Возрастные ограничения: +12

сообщить о неприемлемом содержимом

Текущая страница: 5 (всего у книги 18 страниц) [доступный отрывок для чтения: 6 страниц]

Шрифт:
- 100% +
Холостяк

Петр Дмитриевич Боборыкин:

Через несколько дней, на вечернем чае <…>, он очень долго рассказывал нам о своей собачке, оставленной им в Петербурге, и в этой исключительной заботе о ней видна была уже складка старого холостяка, привыкшего уходить в свою домашнюю обстановку.

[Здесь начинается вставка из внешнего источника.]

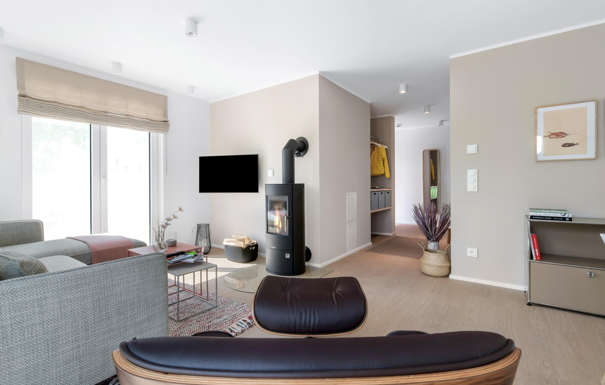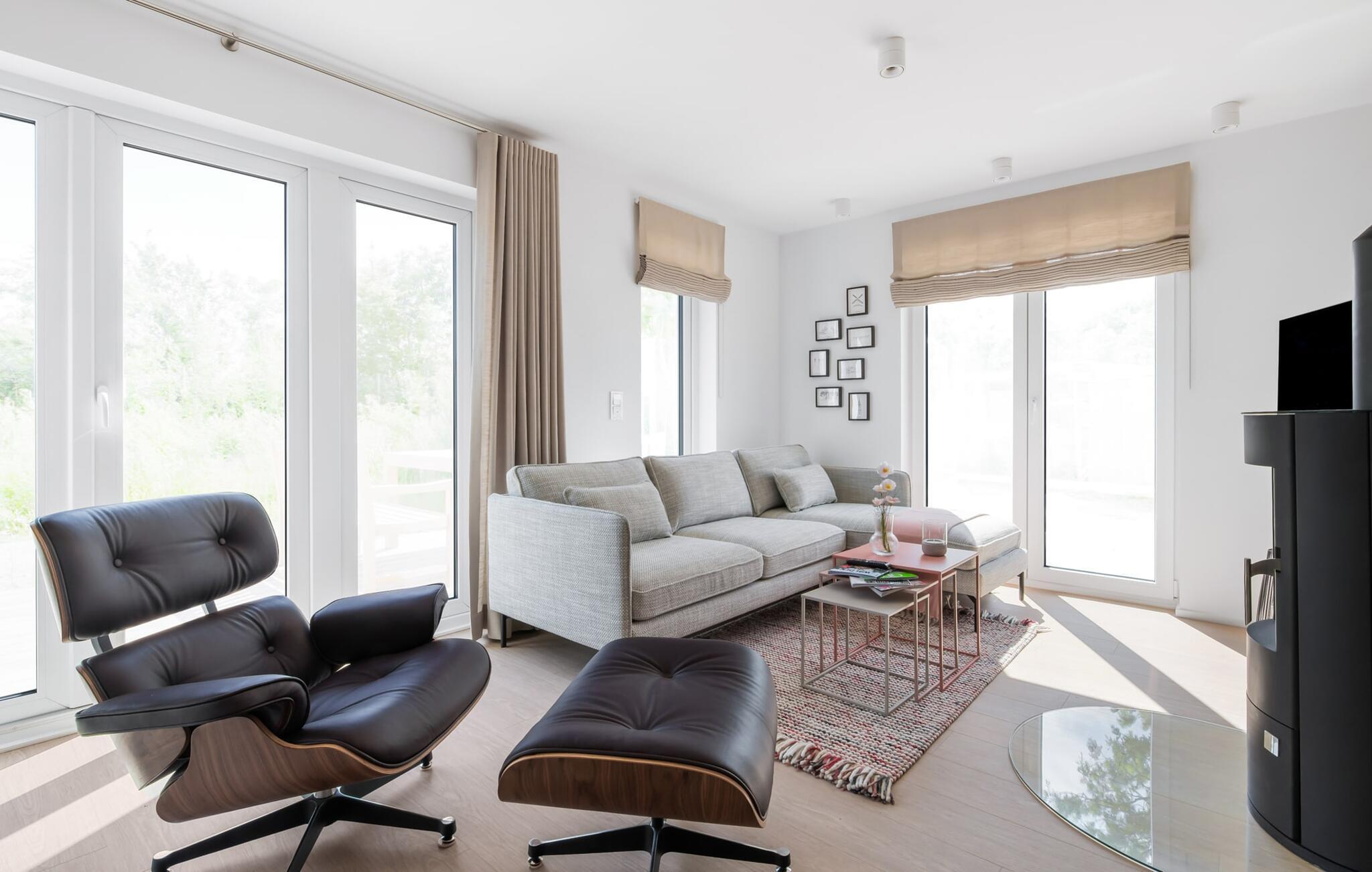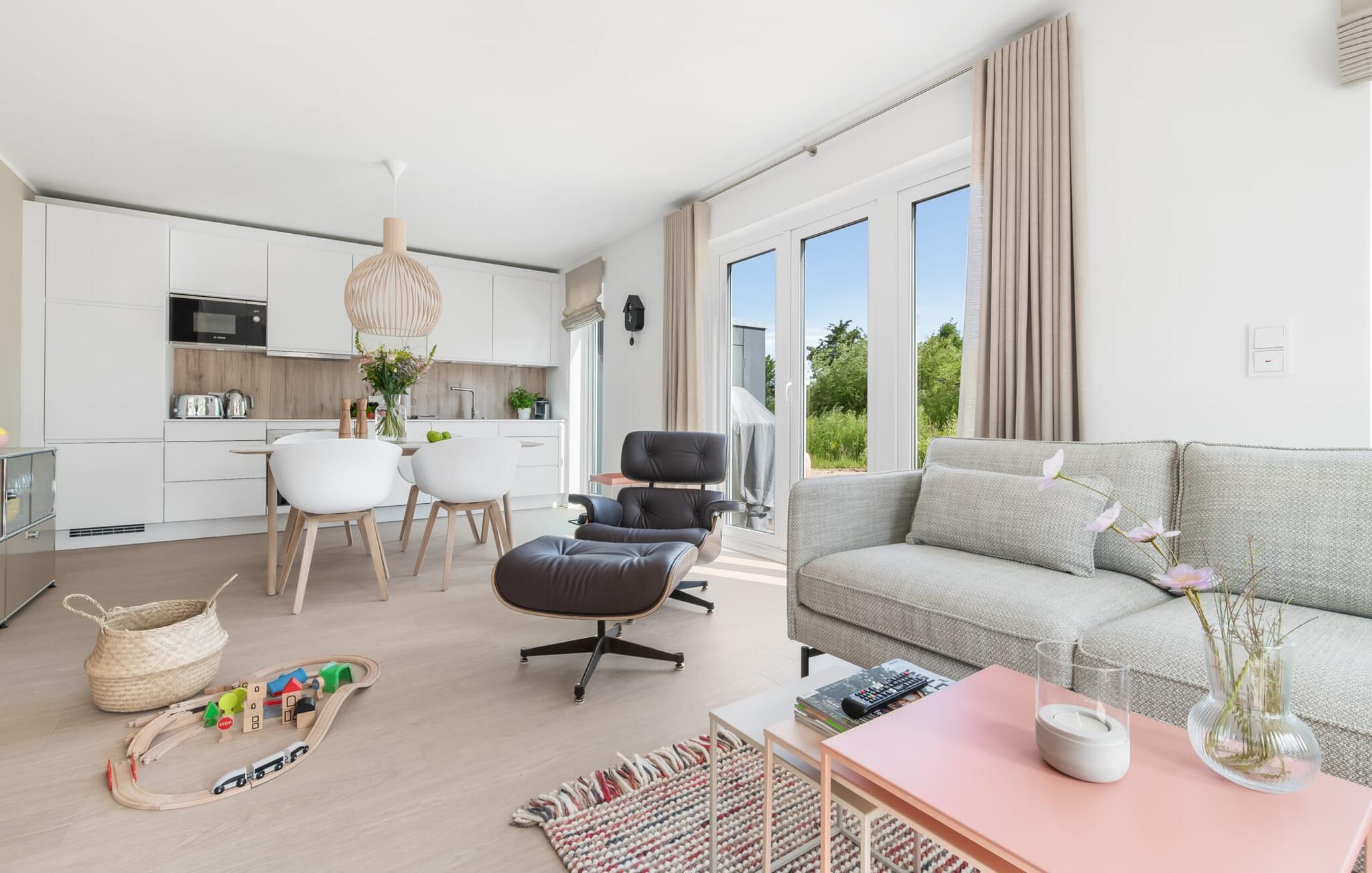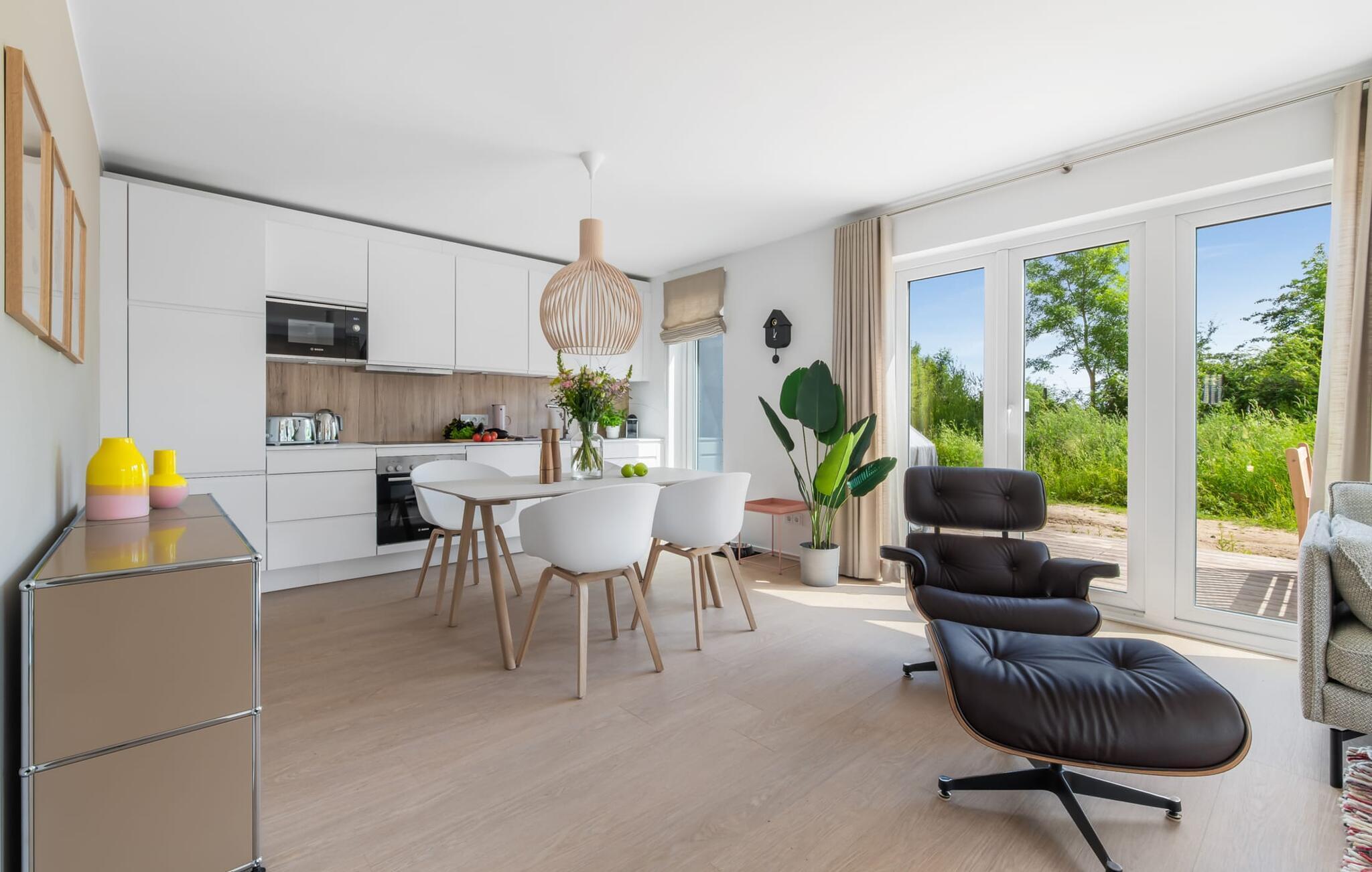 Vinduene fra gulv til tak og den tilstøtende romslige sørvestvendte terrassen er leilighetens hjerte sammen med den åpne stue-/spisestuen. Å komme inn her og umiddelbart føle seg hjemme er én ting. Å slappe av i den koselige sofaen, nyte stillheten i naturen fra vinduet eller se på TV er ren avslapning og rekreasjon. Og når Østersjøen viser seg fra sin solskinnsside, innbyr LAZY DAYS terrasse med sin komfortable strandstol til å nyte den hele dagen lang. I det nordiske været sørger vedovnen med sin knitrende ild for ekstra hygge.

Иван Александрович Гончаров. Из письма А. А. Кирмаловой. Петербург, 5 (17) февраля 1863 года:

Мимишка здравствует и каждый день гуляет со мной по саду, а когда не возьму, то воет на всю квартиру. <…> Я ей купил золотой с бархатом ошейник.


Иван Александрович Гончаров. Из письма В. М. Кирмалову. Петербург, 26 апреля (8 мая) 1863 года:

Если Мимишка сильно захворает, я думаю, в тот день и газета не выйдет («Северная почта», редактором которой был в это время Гончаров. – Сост.), а если бы она околела, я все продам и уеду за границу.


Ростислав Иванович Сементковский (1846–1918):

Гончаров приводил к Льховским неизменно свою собачку. Это был не то мохнатый пинчер, не то шпиц (я плохо тогда различал породы собак), во всяком случае, собака небольшая, мохнатая, чистенькая, с умными глазами. Она ни на шаг не отходила от своего хозяина, стояла около него, когда он стоял, ложилась, когда он садился, свертывалась калачиком, когда он вел продолжительную беседу; в кабинете у Льховского, когда дверь открывалась, я видел ее всегда мирно спавшую у ног своего хозяина, в гостиной она всегда была начеку, хотя признаков какого-нибудь беспокойства никогда не проявляла.

Когда Гончаров в одно воскресенье вошел в гостиную, Елизавета Тимофеевна, лукаво взглянув на него исподлобья, спросила:

– Ой, не пора ли? Ведь и опоздать можно.

Разговор, очевидно, касался темы, уже раньше между ними затронутой.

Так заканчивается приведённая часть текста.